What you are asked to do >> In the material below, the line holding "А. А. Ахматова. 1960" and every line after it should be reproduced exactly, please, with pictures omitted.

Source information >>
----

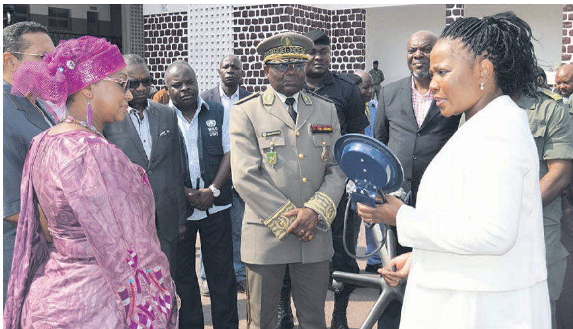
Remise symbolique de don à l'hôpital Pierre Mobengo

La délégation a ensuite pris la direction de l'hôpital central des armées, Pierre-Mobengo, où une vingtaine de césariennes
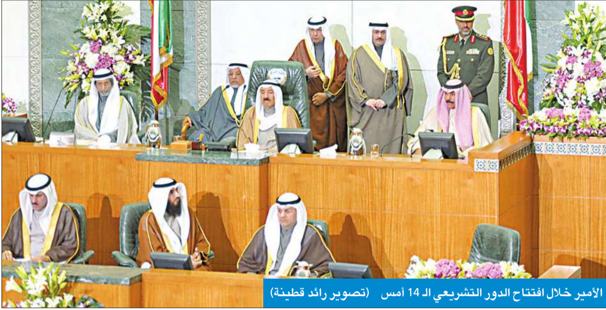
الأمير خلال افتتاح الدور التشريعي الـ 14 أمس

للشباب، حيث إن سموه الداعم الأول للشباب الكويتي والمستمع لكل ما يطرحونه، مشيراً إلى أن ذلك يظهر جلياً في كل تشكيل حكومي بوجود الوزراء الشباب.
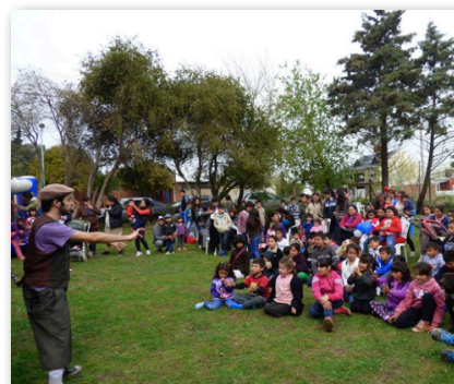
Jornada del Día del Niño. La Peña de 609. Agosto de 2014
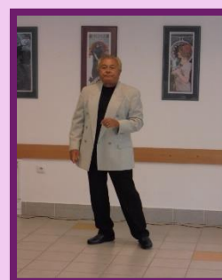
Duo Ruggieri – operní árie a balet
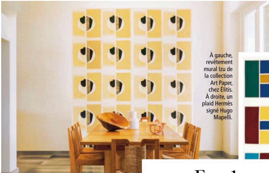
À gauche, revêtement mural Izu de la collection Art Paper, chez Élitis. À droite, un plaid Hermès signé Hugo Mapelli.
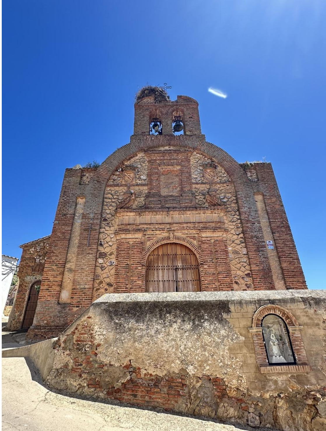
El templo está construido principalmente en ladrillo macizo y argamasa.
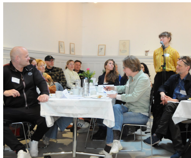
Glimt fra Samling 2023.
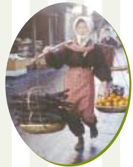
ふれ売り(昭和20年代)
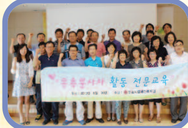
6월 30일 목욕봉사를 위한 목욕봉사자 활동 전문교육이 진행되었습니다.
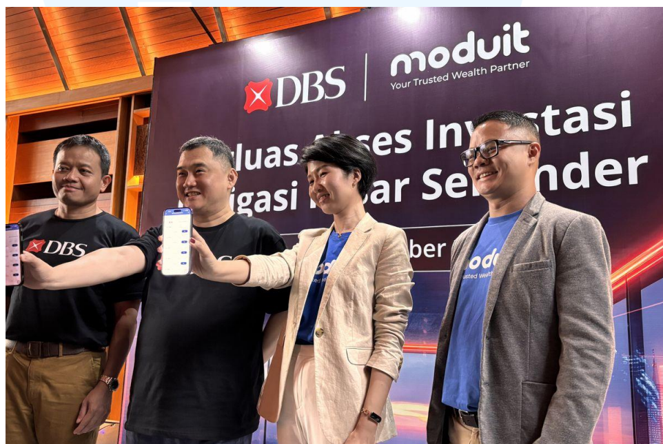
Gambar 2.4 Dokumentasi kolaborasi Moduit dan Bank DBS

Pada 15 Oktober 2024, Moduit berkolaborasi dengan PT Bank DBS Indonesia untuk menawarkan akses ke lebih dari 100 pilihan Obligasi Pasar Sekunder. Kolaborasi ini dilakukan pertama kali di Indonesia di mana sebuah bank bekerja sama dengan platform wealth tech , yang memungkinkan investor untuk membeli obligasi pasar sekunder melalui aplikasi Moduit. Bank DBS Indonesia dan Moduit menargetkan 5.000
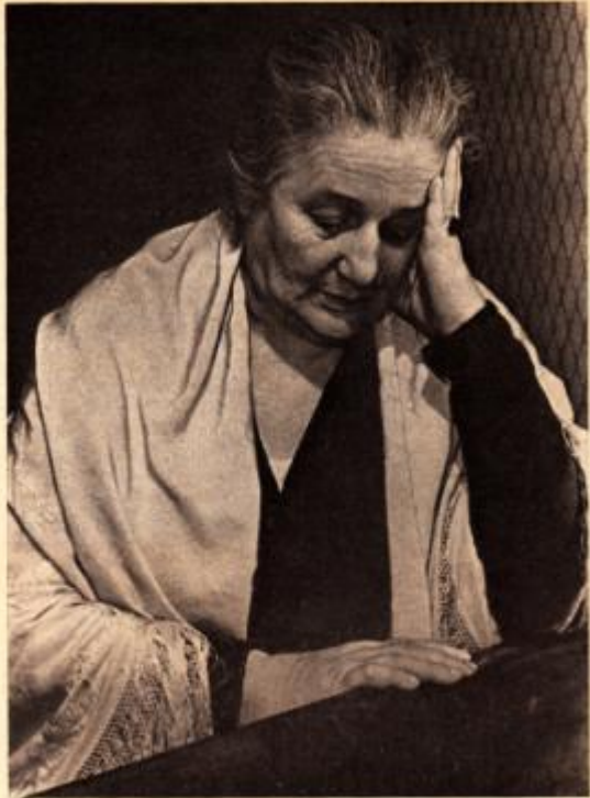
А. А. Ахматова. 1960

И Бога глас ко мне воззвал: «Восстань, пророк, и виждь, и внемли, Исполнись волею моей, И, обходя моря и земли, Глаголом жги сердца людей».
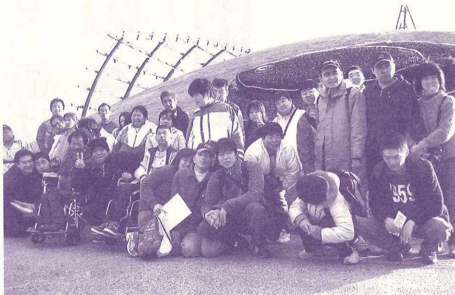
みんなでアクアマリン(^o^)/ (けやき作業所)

----

Solution for this exercise >>
А. А. Ахматова. 1960

И Бога глас ко мне воззвал: «Восстань, пророк, и виждь, и внемли, Исполнись волею моей, И, обходя моря и земли, Глаголом жги сердца людей».
みんなでアクアマリン(^o^)/ (けやき作業所)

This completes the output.